FOR IMMEDIATE RELEASE
January 12, 1999

Merger Activity Quadruples in the Natural Gas Industry

The value of mergers and acquisitions within the natural gas industry has risen nearly four-fold in this decade, from $10.4 in 1990 to $39 billion in 1997. This increase parallels an enormous surge in corporate combinations (mergers, acquisitions, joint ventures and strategic alliances) across the energy sector, from $21.4 billion in 1990 to $106.4 billion in 1997, and then, with the announcement of such blockbuster mergers as British Petroleum with Amoco and Exxon with Mobil, to $220 billion in 1998.

The growth in natural gas industry combinations does not indicate a decrease in competition. For example, between 1992 and 1997, the share of sales by the top four marketers declined by one-third to 21 percent, while their sales volumes more than doubled. Sales by the top 20 slipped only from 69 to 66 percent but sales volumes more than tripled to 40 trillion cubic feet (Figure 1). These results were released today by the Energy Information Administration in an analysis entitled "Mergers and Other Corporate Combinations in the Natural Gas Industry."

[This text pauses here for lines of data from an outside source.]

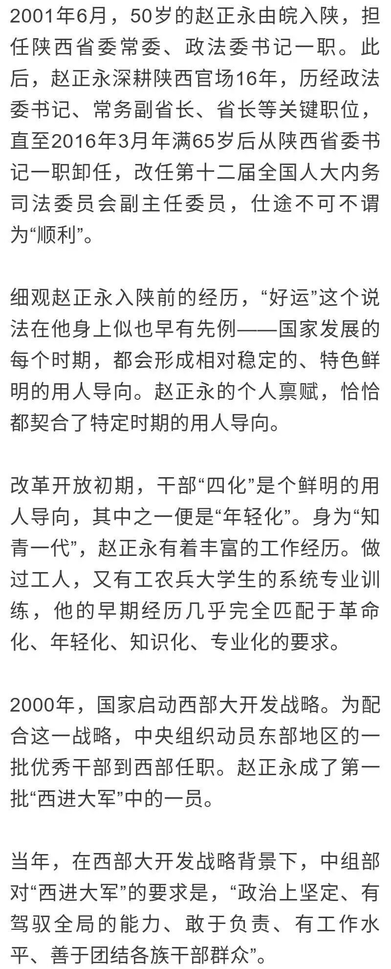 而赵正永呢,当时身在安徽,“恰恰”有多年主政黄山市、担任过省公安局局长、政法委书记的履历,期间又处置过重大事件。如果说“四化”干部为赵正永在安徽的仕途晋升提供了最好的通行证的话,那么,西进大军“优秀干部”的符号,则是他后来入陕的最好光环。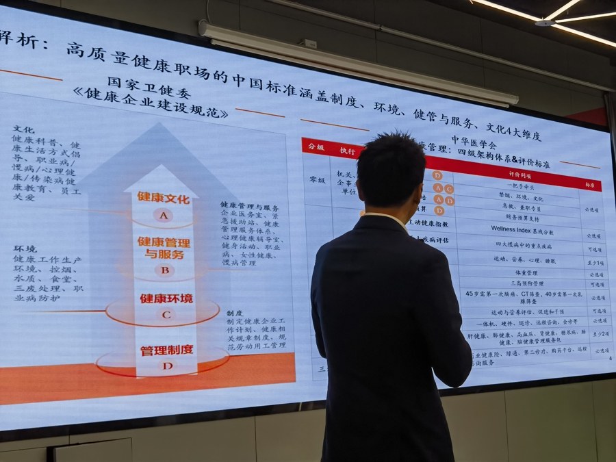 让企业家们感兴趣的是,园区还邀请平安健康企康业务部负责人从建设健康职场的角度,进行了《高质量健康职场洞察与探索》主题演讲,指出“健康职场≠员工体检+医疗保险”,而需要从办公空间优化到心理健康关怀项目设立,从健康促进活动开展到职业健康管理体系完善,构建健康职场的多元路径发展,才能助力企业实现经济效益与社会效益双赢。从企业视角来看,“健康管理,能降低人力成本,提升团队凝聚力。”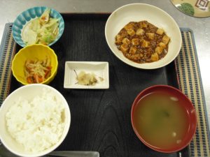 本日のメニュー ◇御飯 ◇スープ ◇麻婆豆腐 ◇野菜炒め ◇中華和え ◇ザーサイ エネルギー 610kcal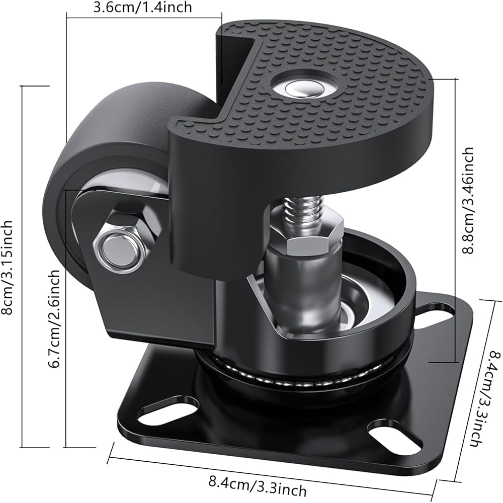 3.REINFORCED STEEL PLATE. Swivel plate of this leveling caster is specially designed to be thicker and stronger with our unique cold-rolled technology. When wheel rolling, the load capacity is 200 Lbs per caster and a total of 800 Lbs with set of 4.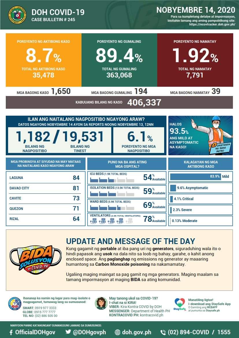The DOH said of the 406337 total cases, 35478 were active.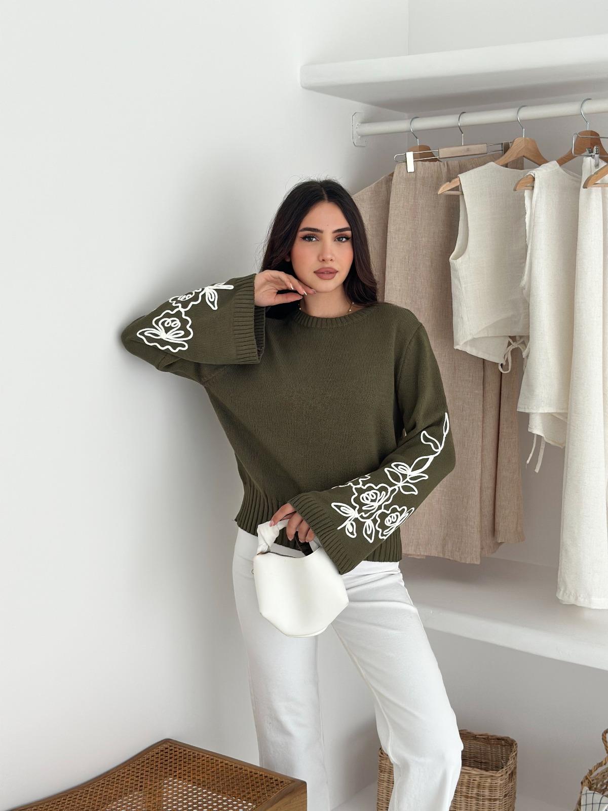 Feminen ve zarif detaylarıyla öne çıkan kolları nakış detaylı İspanyol kol triko kazak, sade şıklığı sevenler için ideal bir seçimdir.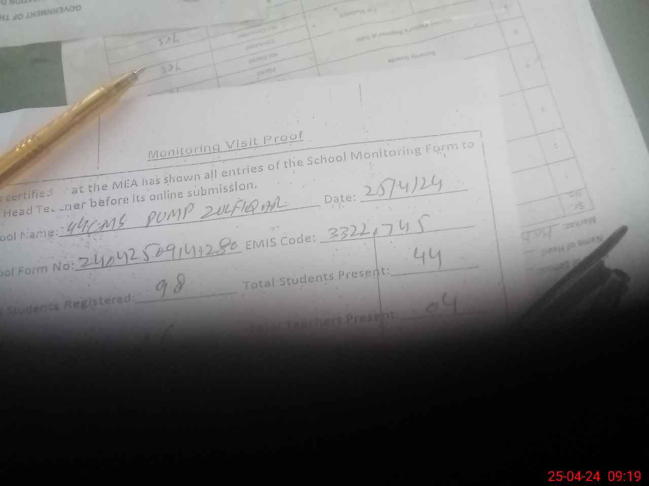 | Attendance Register | Head Teacher | MEA with School | Visit Proof |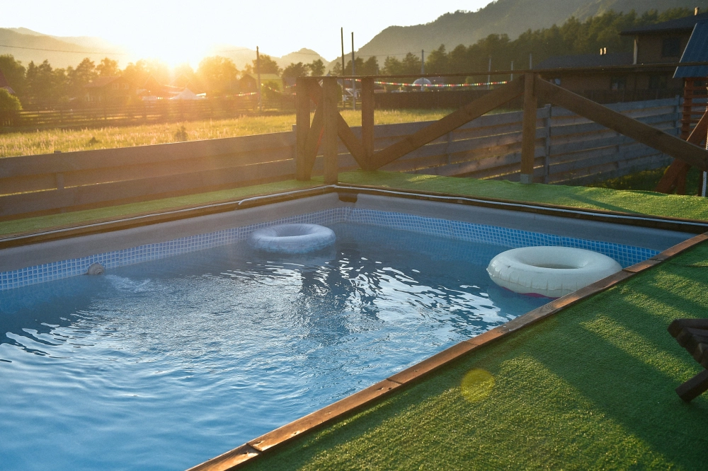Открытый бассейн: Чистая вода, надувные круги, панорамный вид на горы.

The current wave of corporate combinations appears set to continue as companies throughout the energy sector jockey for position not only in North America but worldwide with both the number and size of combinations increasing. Nevertheless, combinations in the energy sector remained a relatively small part of corporate combinations in general, representing only about 11 percent of the total value of all combinations in 1997.

Corporate combinations in the natural gas industry have become an integral part of the strategies developed to address changing conditions in the industry. Specific objectives behind the combinations vary, but many combinations share the goal of expanding beyond a single commodity or a single function to encompass a broad spectrum of energy sources, products, and services, thus becoming a "one-stop energy center."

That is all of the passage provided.